Re: [Qemu-devel] [RFC v8.1 06/13] vfio: add check host bus reset is support or not

Alex Williamson Thu, 04 Jun 2015 09:00:31 -0700

On Wed, 2015-06-03 at 08:52 +0800, Chen Fan wrote:
> On 06/03/2015 12:47 AM, Alex Williamson wrote:
> > On Tue, 2015-06-02 at 15:54 +0800, Chen Fan wrote:
> >> On 05/28/2015 05:32 AM, Alex Williamson wrote:
> >>> On Wed, 2015-05-27 at 10:46 +0800, Chen Fan wrote:
> >>>> we introduce a has_bus_reset capability to sign the vfio
> >>>> devices if support host bus reset.
> >>>>
> >>>> Signed-off-by: Chen Fan <chen.fan.f...@cn.fujitsu.com>
> >>>> ---
> >>>>    hw/vfio/pci.c | 123 
> >>>> ++++++++++++++++++++++++++++++++++++++++++++++++++++++++++
> >>>>    1 file changed, 123 insertions(+)
> >>>>
> >>>> diff --git a/hw/vfio/pci.c b/hw/vfio/pci.c
> >>>> index f4e7855..5934fd7 100644
> >>>> --- a/hw/vfio/pci.c
> >>>> +++ b/hw/vfio/pci.c
> >>>> @@ -33,6 +33,7 @@
> >>>>    #include "hw/pci/msix.h"
> >>>>    #include "hw/pci/pci.h"
> >>>>    #include "hw/pci/pci_bridge.h"
> >>>> +#include "hw/pci/pci_bus.h"
> >>>>    #include "qemu-common.h"
> >>>>    #include "qemu/error-report.h"
> >>>>    #include "qemu/event_notifier.h"

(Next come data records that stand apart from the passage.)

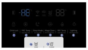 ۴. برای تست سنسور یخچال (فریزر ) کلید Child lock را فشار میدهیم در برد دیجیتال در قسمت دما دمای مشاهده شده توسط سنسور داخل یخچال (فریزر )نشان داده میشود. واضح است است که این دما با دمای محیط داخلی مطابقت نماید.که صحت عملکرد سنسور را نشان می دهد.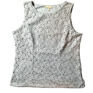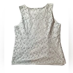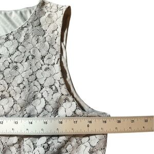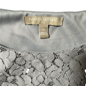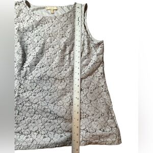Gently used, no flaws. The color is a soft gray with a lace overlay and a solid lining layer beneath.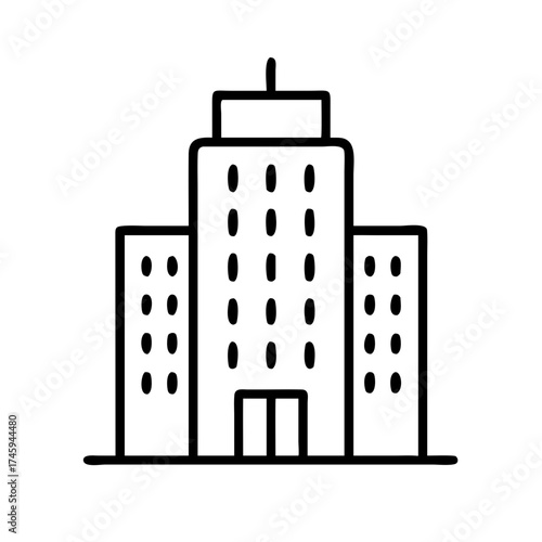 Black and white mountain peak landscape with waterfall drawing vector illustration for adventure seekers

> >>>> @@ -170,6 +171,7 @@ typedef struct VFIOPCIDevice {
> >>>>        bool req_enabled;
> >>>>        bool has_flr;
> >>>>        bool has_pm_reset;
> >>>> +    bool has_bus_reset;
> >>> I still think that caching this is a bad idea, there's no point at which
> >>> we can blindly assume the capability is still present.
> >>>
> >>>>        bool rom_read_failed;
> >>>>    } VFIOPCIDevice;
> >>>>    
> >>>> @@ -203,6 +205,7 @@ static uint32_t vfio_pci_read_config(PCIDevice 
> >>>> *pdev, uint32_t addr, int len);
> >>>>    static void vfio_pci_write_config(PCIDevice *pdev, uint32_t addr,
> >>>>                                      uint32_t val, int len);
> >>>>    static void vfio_mmap_set_enabled(VFIOPCIDevice *vdev, bool enabled);
> >>>> +static void vfio_check_host_bus_reset(VFIOPCIDevice *vdev);
> >>>>    
> >>>>    /*
> >>>>     * Disabling BAR mmaping can be slow, but toggling it around INTx can
> >>>> @@ -2853,6 +2856,20 @@ static int vfio_setup_aer(VFIOPCIDevice *vdev, 
> >>>> int pos, uint16_t size)
> >>>>            dev_iter = pci_bridge_get_device(dev_iter->bus);
> >>>>        }
> >>>>    
> >>>> +    /*
> >>>> +     * Don't check bus reset capability when device is enabled during
> >>>> +     * qemu machine creation, which is done by machine init function.
> >>>> +     */
> >>>> +    if (DEVICE(vdev)->hotplugged) {
> >>>> +        vfio_check_host_bus_reset(vdev);
> >>>> +        if (!vdev->has_bus_reset) {
> >>>> +            error_report("vfio: Cannot enable AER for device %s, "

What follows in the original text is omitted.